A little explanation of what IQR-Inter Quartile Range means using the middle quartile range, Determined by which values outside the range -1.5xIQR to 1.5xIQR are considered outliers.

(Q1–1.5 IQR) represents the minimum value of the data set.
(Q3+1.5 IQR) Represents the maximum value of the data set.

After slicing the data according to the maximum and minimum of the boxplot, we see that the data has been less skewed. And we no longer see outliers outside the maximum and minimum.

The Z score method .

If the data follows a normal distribution, you can apply the 3σ rule to the normal distribution.

In a normal distribution, let μ be the expectation and σ the standard deviation. The 3σ rule for the normal distribution says that:

68% of data points are within μ±σ
95% of the data points are within μ±2σ
99.7% of data points are within μ±3σ

For a data point, its z score is calculated by:

Thus, points with z-score that can be considered outliers are outside the range [-3, 3]. Transforming the math a bit, this is equivalent to having points outside the interval [μ−3σ,μ+3σ] being treated as outliers.

 class ZscoreOutlierClipper (BaseEstimator, TransformerMixin): def __init__(self, z_threshold: float = 3): self.z_threshold = z_threshold self.lower = None self.upper = None def fit(self, X: pd.Series): mean = X.mean() std = X.std() self.lower = mean - self.z_threshold * std self.upper = mean + self.z_threshold * std return self def transform(self, X): return X.clip(self.lower, self.upper)

Try it out with the example above

clipped_total_rooms2 = ZscoreOutlierClipper().fit_transform(df_housing["total_rooms"]) clipped_total_rooms2.hist(bins=50);

Comment:

Compared to the box plot, z score in this case returns a wider range of values, values greater than 9000 are considered outliers while the upper bound of boxplot is only about 6000.
When the z score exception handling can shift the expectation and standard deviation so the upper and lower bounds will also change. That is, the next determination will be different from the current one.
As for IQR, no matter what the outliers are, it will not affect the upper and lower bounds, because it only needs to replace the outliers into the upper or lower bounds.

The way outliers are identified and handled is categorical.

Unlike numeric data, outlier data in categorical fields are more difficult to identify. Part of that is difficult to plot histograms and identifying outliers requires specialized knowledge.

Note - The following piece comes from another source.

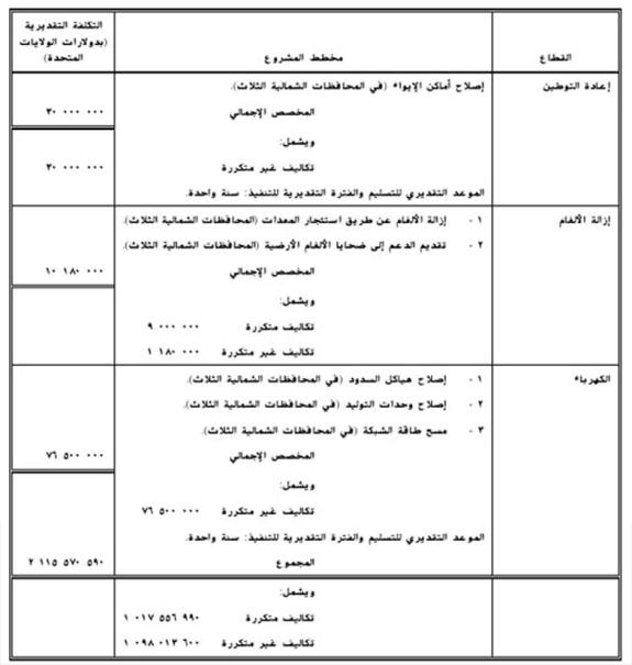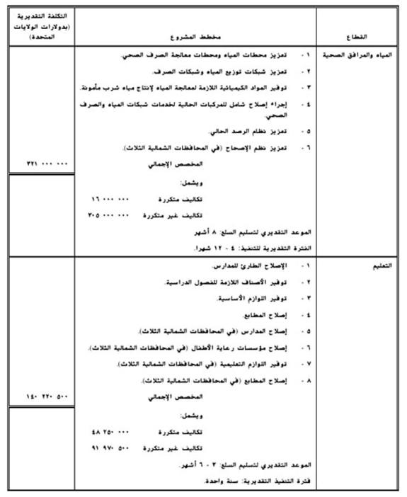 المشاريع المزمع الاضطلاع بها إضافة إلى خطة التوزيع الثالثة

With value exception can occur in one of the following cases:
Due to the difference in input method. For example, the names of cities, so we need to return them to a normalized form to easily eliminate outliers.
Or it could be a typo, for processing we can plot a histogram showing the frequency of each value in the entire data. Usually the spelling errors will be low.
For some data related to the label data that has many different data that are difficult to one-hot or enlable, we can group them into new items that have something in common. For example: Name of house number, then we can determine whether that house is in a corner, in an alley or on a big street from which to determine the house price.